● ABOUT THIS TASK
All lines from the beginning of the listing through the line with "Sexy Bras for" are to be copied word for word; the pictures are not.
+ + +
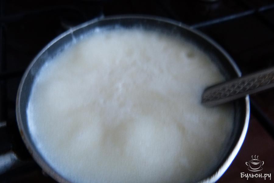 3. Как только закипит, добавить манку. Засыпать надо тонкой струйкой и постоянно мешать, чтобы не образовались комочки.
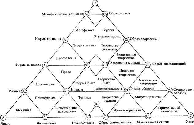 Система символизма представлялась поэту в виде мировоззренческой пирамиды, гранями которой должны служить наука и религия, поэзия и естествознание, философия техники и философия искусства, познание и творчество. В вершине пирамиды, по мысли Белого, сойдутся монизмы: материализм, идеализм, рационализм, позитивизм, мистицизм, при этом модуляцией послужит история философии и культуры. Поддерживаемый собратьями по движению (особенно редактором «Весов» В. Я. Брюсовым) в художественных экспериментах, стилистических поисках и в журнальной полемике с оппонентами, Белый оказывался в полной изоляции, как только выходил за рамки проблем литературной школы и обращался к вопросам метафизики и диалектики, гносеологии, психологии творчества, философии культуры. Все пожимали плечами, когда поэт, бросив стихи про кентавров, заводил речь о «плотности энергии» и пытался приложить это понятие к эстетическим категориям. «Наукообразность» теоретических построений Белого, его тяготение к жанру трактатов – с обстоятельным научным аппаратом, чертежами, схемами и формулами – все это отталкивало почитателей поэтического дара автора «Золота в лазури» и «Пепла». «Вообще попытка Андрея Белого сойти с “пути безумий” на строгий путь критической мысли не могла не закончиться полной неудачей»[10] – такое суждение не раз высказывалось в символистских кругах. «В теоретических интересах я был одинок…»[11] – горестно сознавал Белый.
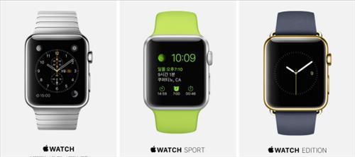 애플워치는 소비자가 취향에 따라 모델과 크기, 밴드를 선택할 수 있으며 스테인리스 재질의 '일반형', 알루미늄 재질의 '스포츠', 18K 금장 케이스로 만들어진 '에디션' 등 3종류로 나왔다.
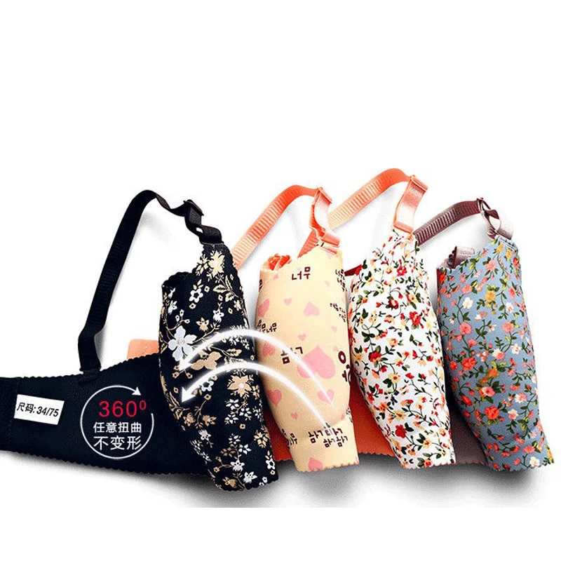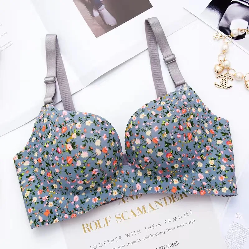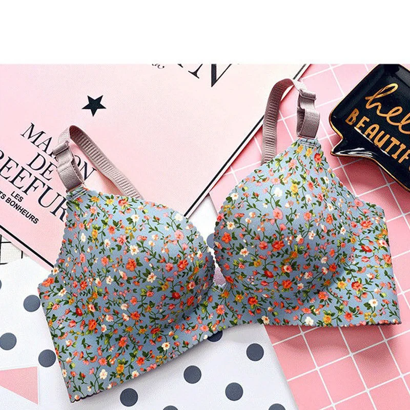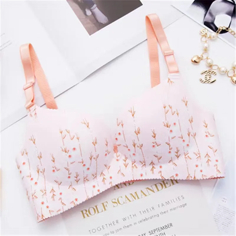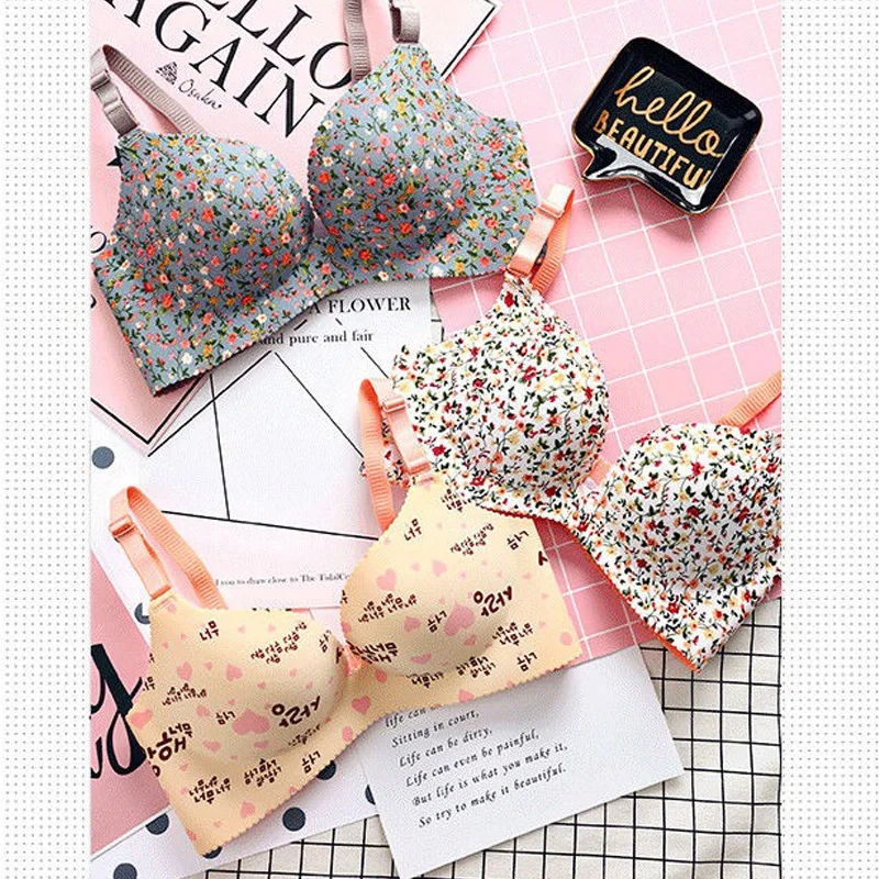 Sexy Bras for Women Pink Print Lingerie Seamless 3/4 Cup Bra Push Up Bralette Wireless Brassiere Female Underwear Intimates
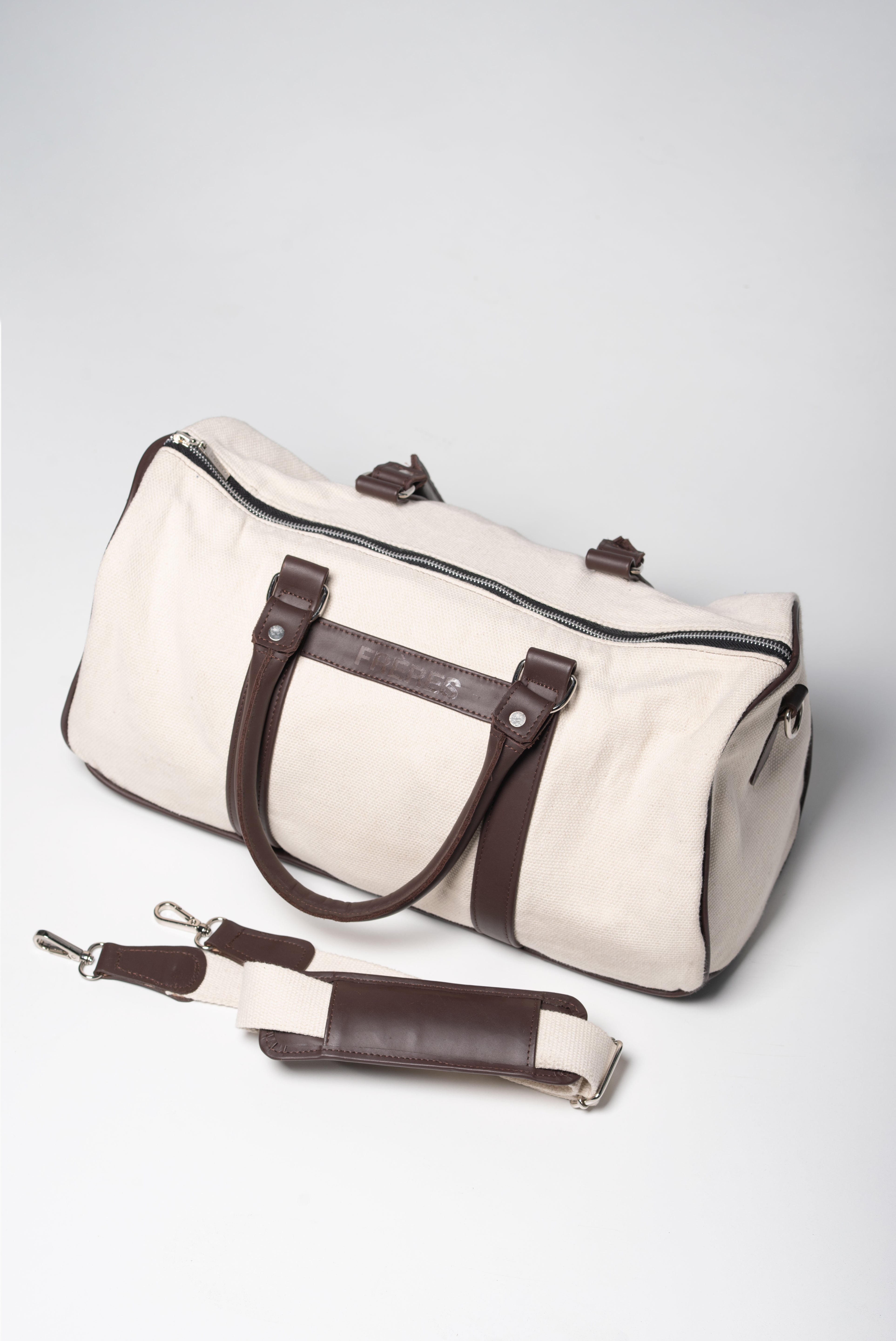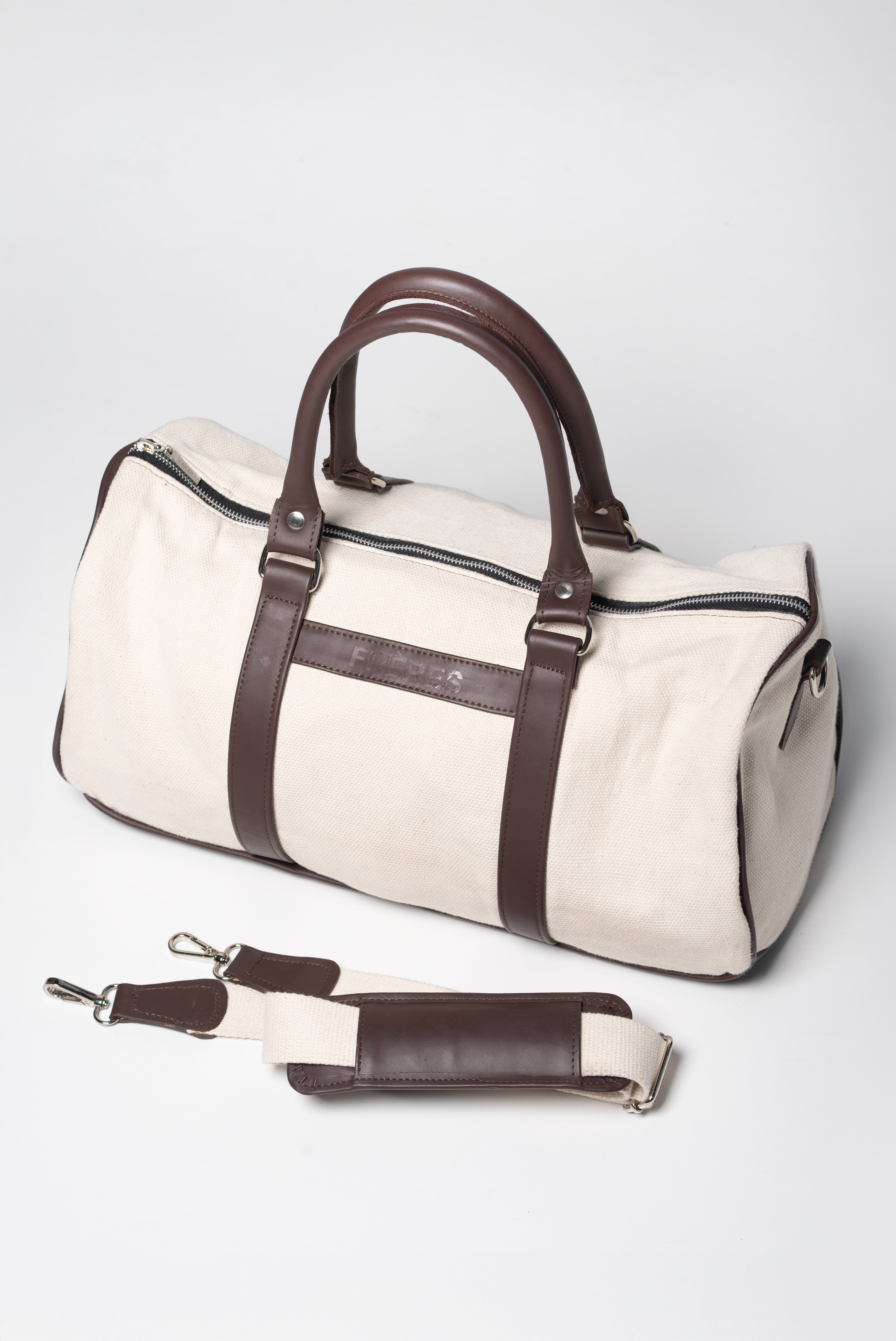 Diseñado para escapadas cortas o para acompañarte en el día a día, este bolso combina resistencia y elegancia en partes iguales. Confeccionado en lona de algodón natural y detalles en cuero vacuno, su estructura liviana pero firme y su diseño limpio reflejan el estilo clásico de FRERES.
+ + +
● ANSWER FOR THIS EXERCISE
 3. Как только закипит, добавить манку. Засыпать надо тонкой струйкой и постоянно мешать, чтобы не образовались комочки.
 Система символизма представлялась поэту в виде мировоззренческой пирамиды, гранями которой должны служить наука и религия, поэзия и естествознание, философия техники и философия искусства, познание и творчество. В вершине пирамиды, по мысли Белого, сойдутся монизмы: материализм, идеализм, рационализм, позитивизм, мистицизм, при этом модуляцией послужит история философии и культуры. Поддерживаемый собратьями по движению (особенно редактором «Весов» В. Я. Брюсовым) в художественных экспериментах, стилистических поисках и в журнальной полемике с оппонентами, Белый оказывался в полной изоляции, как только выходил за рамки проблем литературной школы и обращался к вопросам метафизики и диалектики, гносеологии, психологии творчества, философии культуры. Все пожимали плечами, когда поэт, бросив стихи про кентавров, заводил речь о «плотности энергии» и пытался приложить это понятие к эстетическим категориям. «Наукообразность» теоретических построений Белого, его тяготение к жанру трактатов – с обстоятельным научным аппаратом, чертежами, схемами и формулами – все это отталкивало почитателей поэтического дара автора «Золота в лазури» и «Пепла». «Вообще попытка Андрея Белого сойти с “пути безумий” на строгий путь критической мысли не могла не закончиться полной неудачей»[10] – такое суждение не раз высказывалось в символистских кругах. «В теоретических интересах я был одинок…»[11] – горестно сознавал Белый.
 애플워치는 소비자가 취향에 따라 모델과 크기, 밴드를 선택할 수 있으며 스테인리스 재질의 '일반형', 알루미늄 재질의 '스포츠', 18K 금장 케이스로 만들어진 '에디션' 등 3종류로 나왔다.
 Sexy Bras for Women Pink Print Lingerie Seamless 3/4 Cup Bra Push Up Bralette Wireless Brassiere Female Underwear Intimates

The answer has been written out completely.